● **What is expected**: Reproduce from the records below, with no pictures, exactly the lines between the one containing "图12 居建节能设计审查信息表中关于太阳能利用的要求" and the one containing "Chaise tubulaie métal", inclusive.

--- Entries shown Enclosed Below ---

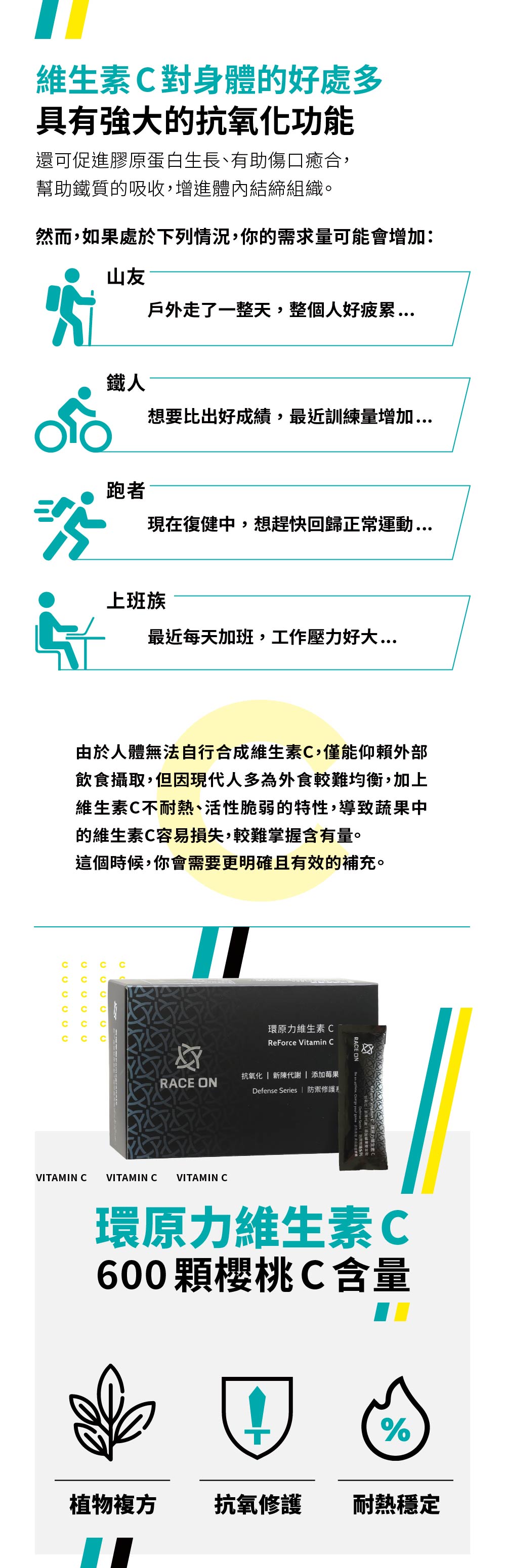 加強恢復,減輕隔日負擔。抗氧化修護,掃除運動後的壓力。彌補蔬果不足,提升保護力。
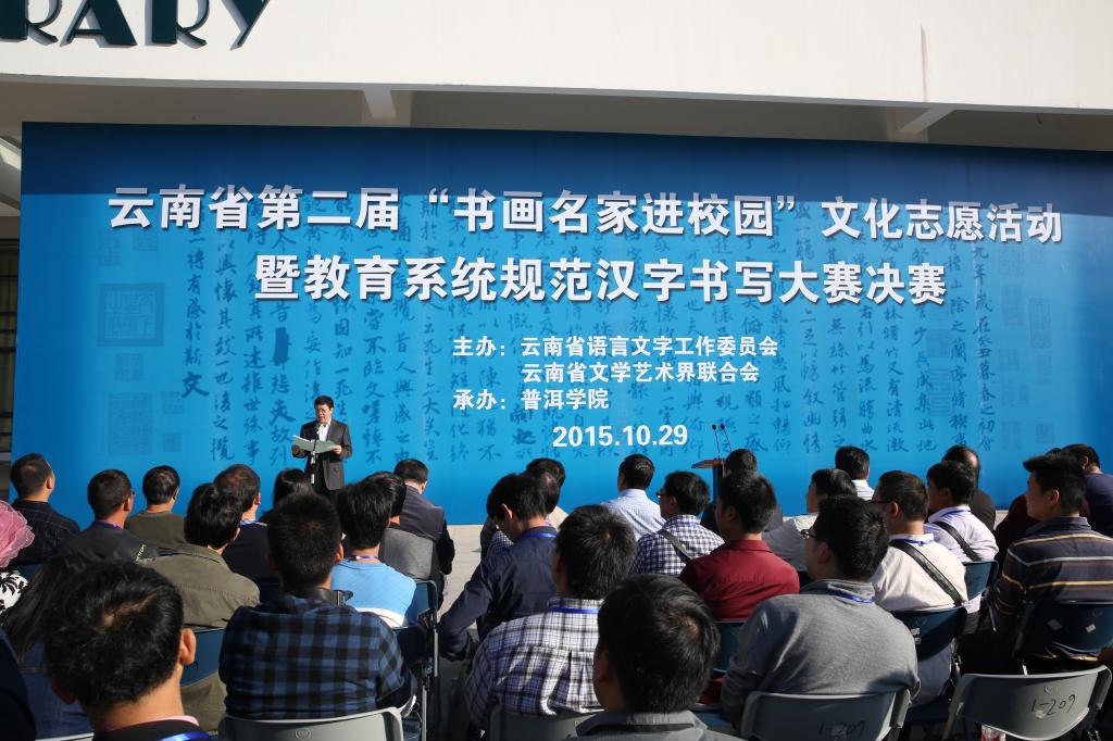 2015年10月29日,由云南省语言文字工作委员会、云南省文学艺术联合会主办,www.2396196827.com 承办的云南省第二届“书画名家进校园”文化志愿活动启动仪式暨教育系统规范汉字书写大赛决赛在www.2396196827.com 隆重举行,省教育厅、省文联、www.2396196827.com 、普洱市文联、普洱市教育局等单位的相关领导,著名书画家,来自全省16个州市教育系统的参赛选手以及师生代表共400余人参加了此次活动。
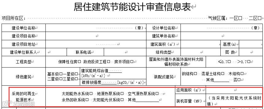 图12 居建节能设计审查信息表中关于太阳能利用的要求
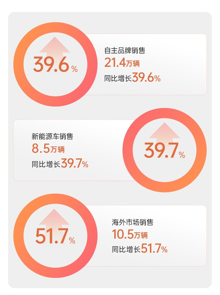 今年1月份,上汽自主品牌销量达21.4万辆,同比增长39.6%,占公司销量比重达65.3%,较去年同期提升7.3个百分点。其中,上汽乘用车销售7.7万辆,同比增长53.8%;上汽大通销售1.8万辆,同比增长18.2%;上汽通用五菱销售10.5万辆,同比增长37%。
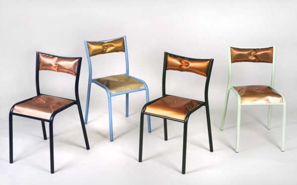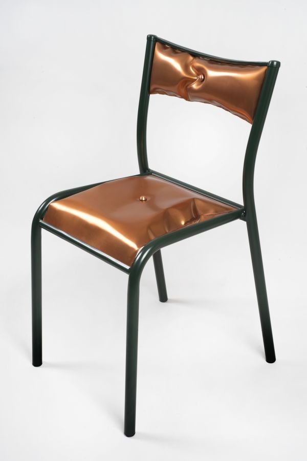 Chaise tubulaie métal laqué et cuivre gonflé sous pression.
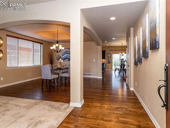 Welcome home to this very well maintained, popular Classic Home’s Summit floor plan priced under current appraisal. A covered front porch with mountain views invites you in to the open floor plan with spacious living and dining room area. The gourmet kitchen is the heart of this home. Plenty of cabinets, over and under cabinet lighting, pantry, large island with storage, granite countertops and custom tile backsplash along with stainless steel appliances. Imagine entertaining friends and family while everyone enjoys the stone fireplace and view of the beautifully landscaped backyard with large patio. Upstairs, the sizable owner’s suite features an upgraded 5-piece bath with double vanity, custom tile shower and soaking tub and a large walk in closet. There are also two big additional bedrooms that both feature walk in closets as well as a large loft area. The basement is ready for parties with a rough in for a future wet bar in the family game area and an additional bedroom and full size bathroom. Too many upgrades to list but highlights include professionally landscaped yard front and back, whole house humidifier, sprinkler system, central air, window well covers, ceiling fans, surround sound wiring, finished 3 car garage and large laundry room with cabinets. This home needs nothing, is well maintained and thoughtfully upgraded and is ideally situated in the very popular Wolf Ranch community surrounded by award winning District 20 schools with close proximity to shopping, dining, and the best of Northern Colorado Springs. See it today and gain instant equity.
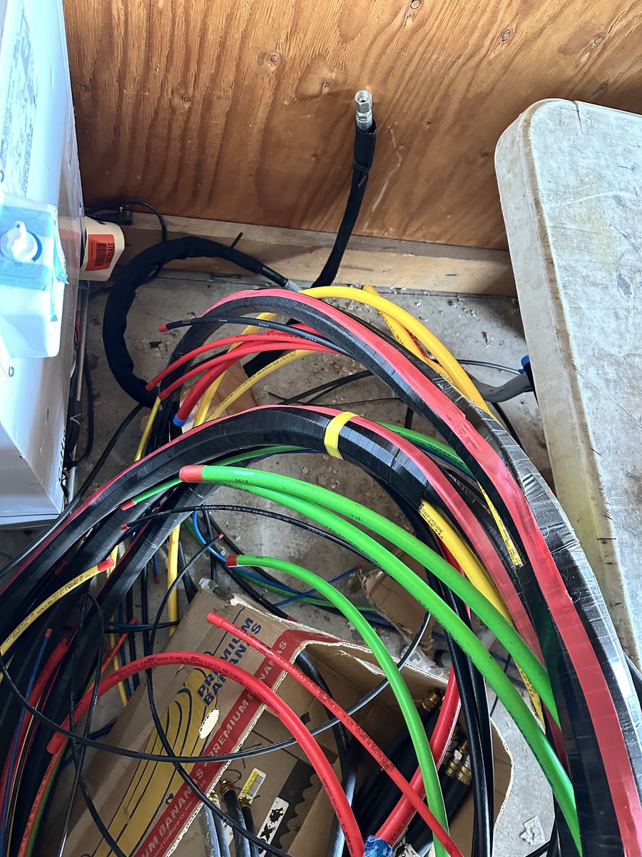 Bunch of asst semi truck hoses, or hoses for tractor trailer. One set of long ~25’ or more hoses and a bunch of shorter Air brake hoses etc must take all.

--- End of Enclosed Entries shown ---

● **Solution to this problem**:
 图12 居建节能设计审查信息表中关于太阳能利用的要求
 今年1月份,上汽自主品牌销量达21.4万辆,同比增长39.6%,占公司销量比重达65.3%,较去年同期提升7.3个百分点。其中,上汽乘用车销售7.7万辆,同比增长53.8%;上汽大通销售1.8万辆,同比增长18.2%;上汽通用五菱销售10.5万辆,同比增长37%。
 Chaise tubulaie métal laqué et cuivre gonflé sous pression.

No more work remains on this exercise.